Once again, the Illinois contingent, including Senators Dick Durbin and Barack Obama and Representatives Rahm Emanuel and Jan Schakowsky, is shouting no. And this time, so is the U.S. Environmental Protection Agency.
Having taken a deserved beating for signing off on the BP permit, federal regulators have blocked the one gifted to U.S. Steel by the Indiana Environmental Management Department. Unless Indiana revises the permit to overcome those objections or offers a satisfactory explanation of why it wrote the permit the way it did, the EPA will reject the permit.

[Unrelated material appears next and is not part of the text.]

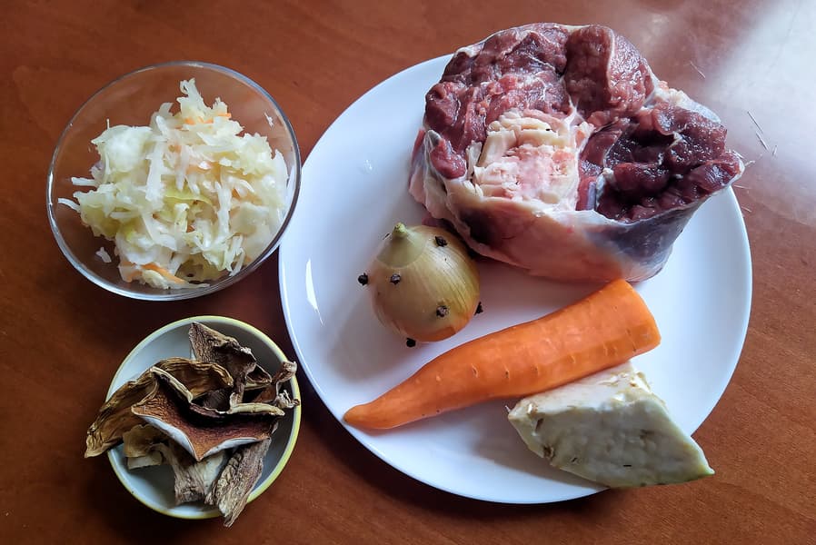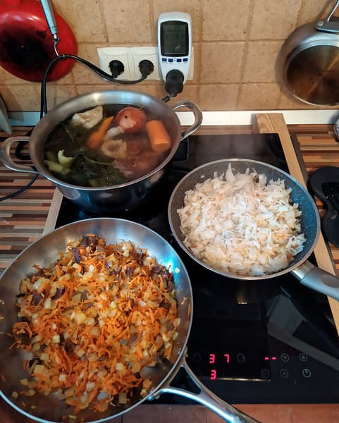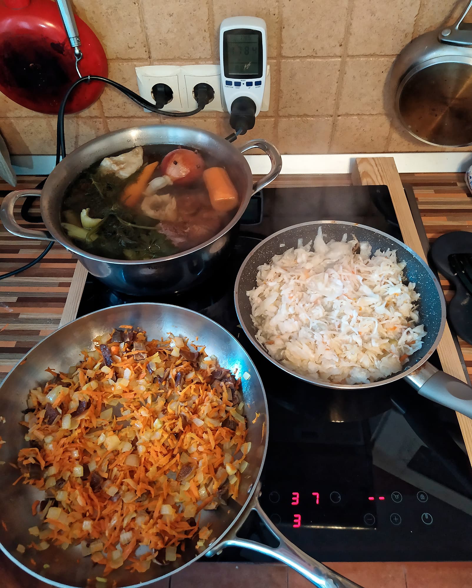 Пока варился бульон (это заняло два с небольшим часа), мы совершили остальные необходимые приготовления. Залили сухие грибы горячей водой, затем натерли морковь, нарезали лук и стали их пассеровать в масле, добавив чуть погодя отмокшие и порезанные грибы. В соседней сковородке тушилась квашеная капуста.

In its two letters of objection to the Indiana environmental agency, the EPA demanded more stringent pollution standards, greater disclosure on limits and proof that the steel giant -- whose $157 million in profits in 2006 earned it the 147th spot on the Fortune 500 -- needs as much as five years to comply with clean water standards for some chemicals. Given how elusive definitive figures on pollution levels are, these could be tricky negotiations.
By the terms of U.S. Steel's 1994 permit, the company -- the single largest source of water pollution in the Lake Michigan basin -- is allowed to release a monthly average of 29.8 pounds of chromium per month. Under the terms of the new permit, that would go up to 48.5 pounds, a 56 percent increase. Indiana claims those numbers are misleading because the discharge is now measured before it is treated, when it is more concentrated. Previously, the pollutants were measured after treatment.
If this permit was objectionable enough to be flagged by the EPA, how in the world can the federal agency deny environmental groups and other members of the public an opportunity to challenge the permit? This is a public health issue. How much pollution goes into Lake Michigan directly affects the quality of the water we put in our bodies every day.
Perhaps if Lake Michigan were the major source of drinking water for Hoosiers, we wouldn't have to keep revisiting this issue: No more polluting Lake Michigan. If Indiana's environmental agency and the EPA don't do the right thing in keeping big companies -- however much they contribute to Indiana's economy -- from poisoning this precious resource, we will only shout louder.